○天道(天理)と人道
日ごろ何気なく使っている日本語も、その意味を説明せよと言われたら、はて何人の人がその意味を明確に説明できるでしょうか。その意味さえも分からず使っている私などのような凡人は、はてさて困ってしまうのです。昨日小さな集会の卓話で、理論と論理についてお話ししました。すると忘年会を兼ねた飲み会でそのことが話題となり、理論とは何ぞや、論理とは何ぞやとホットな議論が交わされました。何気なく話したつもりの卓話でも、こうして聞いているのですから軽はずみな話はできないと思いました。ましてや最近はやたらと横文字が登場して、この歳になると「それも分からないのか」と言われそうなので、分かったふりをしてうなずきながらやり過ごし、家に帰ってから広辞苑を引いたりインターネットで調べたりしながら反芻して覚えて事なきを得ているのです。
さて広辞苑によると理論とは「ここの事実や認識を統一的に説明することのできる普遍性を持つ体系的知識」「実践を無視した純粋な知識」と書かれています。一方論理とは「思考の形式、法則、または法則的なつながり」「実際に行われている仕方、論証の筋道」と書いてあり、読めば読むほど難しくて分からなくなってしまいます。
これでは分かりやすい話が余計分からなくなってしまうのです。私は理論とは実践を無視した純粋な知識、つまり物の本を読んだり人の話を聞いて得た知識だと解釈します。一方論理は実際に行ったことから生まれる知識だと思うのです。私のような学歴や学習歴の少ない人間には理論など殆どないに等しいのです。しかし私たち自称実践家には実践から生まれた論理は山ほどあって、うまく言葉で体系的には喋れないものの沢山の事例を持っているのです。株をやったこともない先生が株の話をしますが「こうあるべきだ」と語れるし、「株はいつかは下がると予測することも学問上可能なのです。しかしいつ下がるかというと顔の見えない世界で暮らしている人は「そのうち下がるだろう」と当たらずも遠からじの話をするのです。今回の世界を揺るがす同時株安も殆どの人が的確な予想は付けれなかったのです。
私たち実践家はどちらかというと論理型で、顔の見える現場で失敗経験や成功経験を積み重ねているので
たとえ言葉の使い方は下手でも話す言葉に重みがあって人々の心に共感を得ることができるのです。
天道と人道はどこが違うかと問われたらこれまた、広辞苑の助けを借りねばなりませんが、天道とは自然の理にかなった流れで、人は生まれ死んでゆく、道に草は生えてゆく、形ある堤は崩れ堀はヘドロや砂で埋まってゆく、橋もいつかは朽ちて落ちてゆく、これが天道なのです。

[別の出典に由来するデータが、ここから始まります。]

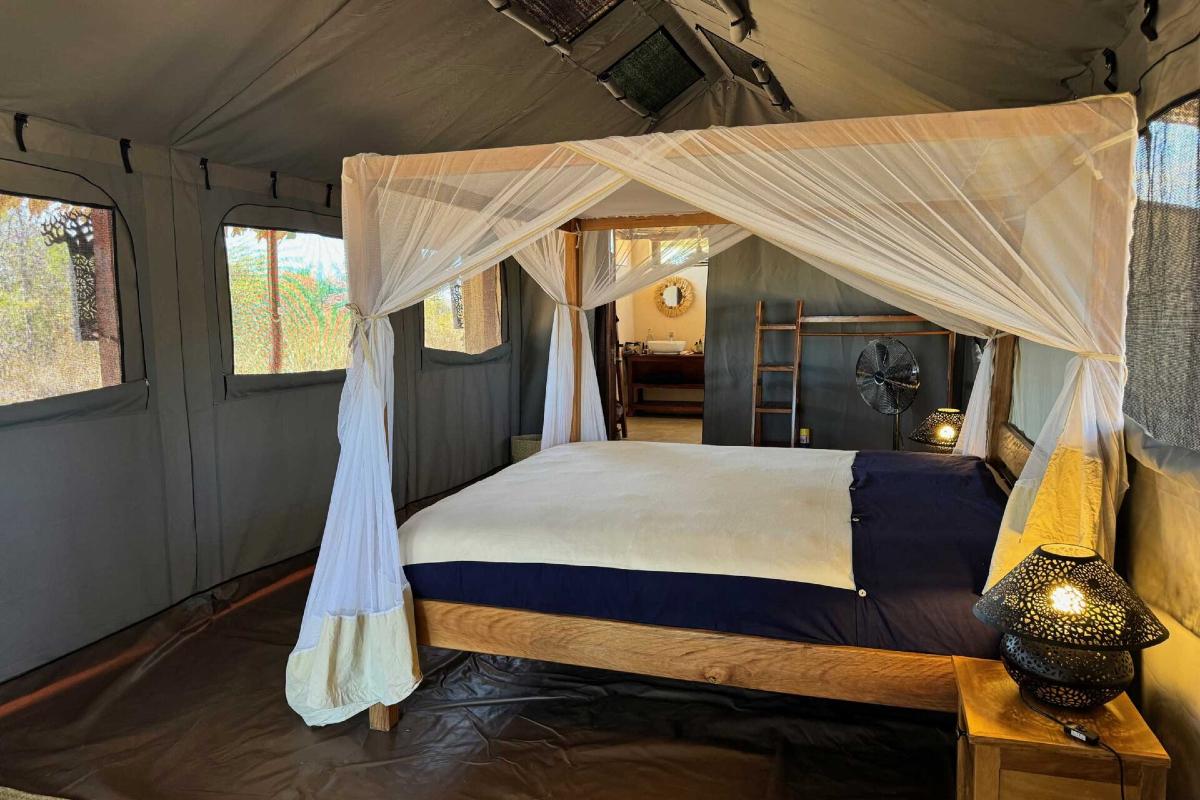 - Luxury Safari Tent (34 m²) – liczba osób: maks. 2 dorosłych, łóżko z baldachimem i moskitierą, widok na otaczającą przyrodę, prywatna zewnętrzna strefa wypoczynkowa, łazienka.

一方人道とは草を引いて道を保持して歩くのに便利なようにしてゆく、堤は崩れないように補修をしてゆく、堀はさらって深見を維持し、橋は掛け替えるのです。また生まれて死ぬまでの期間様々な努力をして延命をするのです。天然自然の道理に対応し私利私欲を投げうって人間としての対応をすることがだと思うのです。
そのたゆまざる行いを怠ればさも神仏の罰が当たったように思える様々な負の部分が生じるのです。シーサイド公園の防波堤フェンスが腐食して人が落ち怪我をしたことが県議会の一般質問でも取り上げられましたが、まさにこれは天道に人道がそむいた結果の出来事だったと思うのです。
日本語とはこれほど難しいものかと思われるくらい、様々な対比語があるようですが、日本人はもう少し日本語の持つ意味について勉強する必要があるような気がしています。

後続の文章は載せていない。